El aeropuerto Joya Andina, en Uyuni, comenzó a posicionarse como una puerta de ingreso para el turismo de élite. De acuerdo con datos oficiales, cada mes aterrizan entre tres y cuatro jets privados procedentes de distintos países de América y Europa, atraídos por el imponente paisaje del Salar de Uyuni.
Las aeronaves ejecutivas arriban desde ciudades como Santiago, Lima, Cuzco, Asunción, Salta y Tucumán, e incluso desde destinos europeos como Malta y Mónaco. Se trata de vuelos chárter que trasladan principalmente a visitantes de alto poder adquisitivo, muchos de ellos provenientes de Asia y Europa.
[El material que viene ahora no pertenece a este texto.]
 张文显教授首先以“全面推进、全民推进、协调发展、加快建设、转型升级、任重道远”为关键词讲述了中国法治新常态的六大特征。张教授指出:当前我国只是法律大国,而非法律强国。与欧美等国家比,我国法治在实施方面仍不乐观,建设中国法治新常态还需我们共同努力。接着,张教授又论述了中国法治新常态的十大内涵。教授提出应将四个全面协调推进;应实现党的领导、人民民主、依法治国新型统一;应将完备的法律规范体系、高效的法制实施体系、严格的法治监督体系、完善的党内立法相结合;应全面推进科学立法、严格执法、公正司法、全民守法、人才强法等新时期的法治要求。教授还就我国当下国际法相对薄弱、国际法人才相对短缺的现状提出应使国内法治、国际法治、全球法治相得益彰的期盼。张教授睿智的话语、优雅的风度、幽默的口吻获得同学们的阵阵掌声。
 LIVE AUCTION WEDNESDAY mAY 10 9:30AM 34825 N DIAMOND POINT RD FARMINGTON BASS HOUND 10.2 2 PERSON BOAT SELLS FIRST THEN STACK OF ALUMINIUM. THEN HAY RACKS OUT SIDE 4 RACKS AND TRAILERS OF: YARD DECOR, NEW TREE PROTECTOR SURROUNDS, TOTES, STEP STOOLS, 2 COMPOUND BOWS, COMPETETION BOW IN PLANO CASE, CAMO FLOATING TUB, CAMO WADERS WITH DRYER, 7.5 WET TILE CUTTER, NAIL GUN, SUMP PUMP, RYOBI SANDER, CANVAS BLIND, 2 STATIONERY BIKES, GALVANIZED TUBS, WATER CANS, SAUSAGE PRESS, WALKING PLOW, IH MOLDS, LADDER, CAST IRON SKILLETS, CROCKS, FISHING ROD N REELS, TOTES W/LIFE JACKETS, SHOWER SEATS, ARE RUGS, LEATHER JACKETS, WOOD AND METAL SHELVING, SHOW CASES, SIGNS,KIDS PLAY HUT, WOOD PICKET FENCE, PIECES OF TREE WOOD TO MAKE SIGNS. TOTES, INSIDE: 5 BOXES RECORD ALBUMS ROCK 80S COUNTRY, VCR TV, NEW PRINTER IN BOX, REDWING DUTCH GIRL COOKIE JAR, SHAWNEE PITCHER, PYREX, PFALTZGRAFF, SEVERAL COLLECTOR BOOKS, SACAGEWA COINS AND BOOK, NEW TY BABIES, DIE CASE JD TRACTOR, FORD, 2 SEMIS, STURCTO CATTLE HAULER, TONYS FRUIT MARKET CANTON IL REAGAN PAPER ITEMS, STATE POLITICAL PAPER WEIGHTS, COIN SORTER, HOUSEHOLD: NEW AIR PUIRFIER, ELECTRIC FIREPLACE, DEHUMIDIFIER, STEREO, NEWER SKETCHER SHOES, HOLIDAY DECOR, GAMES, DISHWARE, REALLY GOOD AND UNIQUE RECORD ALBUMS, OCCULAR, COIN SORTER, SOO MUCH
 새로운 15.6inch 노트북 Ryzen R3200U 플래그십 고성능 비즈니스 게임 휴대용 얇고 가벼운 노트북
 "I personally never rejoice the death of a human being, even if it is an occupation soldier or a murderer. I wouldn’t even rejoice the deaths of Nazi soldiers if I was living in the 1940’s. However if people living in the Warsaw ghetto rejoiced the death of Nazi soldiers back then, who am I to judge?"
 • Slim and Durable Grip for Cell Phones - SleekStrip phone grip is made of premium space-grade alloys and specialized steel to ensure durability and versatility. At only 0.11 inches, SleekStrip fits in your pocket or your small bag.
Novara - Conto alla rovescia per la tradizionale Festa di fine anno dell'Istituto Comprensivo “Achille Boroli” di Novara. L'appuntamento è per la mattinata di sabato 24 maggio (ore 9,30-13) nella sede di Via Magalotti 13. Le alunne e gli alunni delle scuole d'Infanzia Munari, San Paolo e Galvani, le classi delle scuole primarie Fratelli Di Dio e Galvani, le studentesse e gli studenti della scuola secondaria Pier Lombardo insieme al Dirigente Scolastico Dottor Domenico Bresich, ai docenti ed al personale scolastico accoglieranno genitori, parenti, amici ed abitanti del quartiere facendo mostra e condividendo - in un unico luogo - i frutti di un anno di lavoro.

El flujo constante de estas operaciones refleja el creciente interés internacional por el salar, considerado el mayor desierto de sal del mundo y uno de los escenarios naturales más impactantes del planeta. Las autoridades destacan que esta conectividad fortalece la proyección global de Uyuni y dinamiza la economía local.
Además del turismo exclusivo, el destino también ha captado la atención de figuras del espectáculo y equipos de producción audiovisual internacionales, que encuentran en el salar un escenario único. Así, Uyuni no solo se consolida como atractivo natural, sino como símbolo del turismo premium en Bolivia.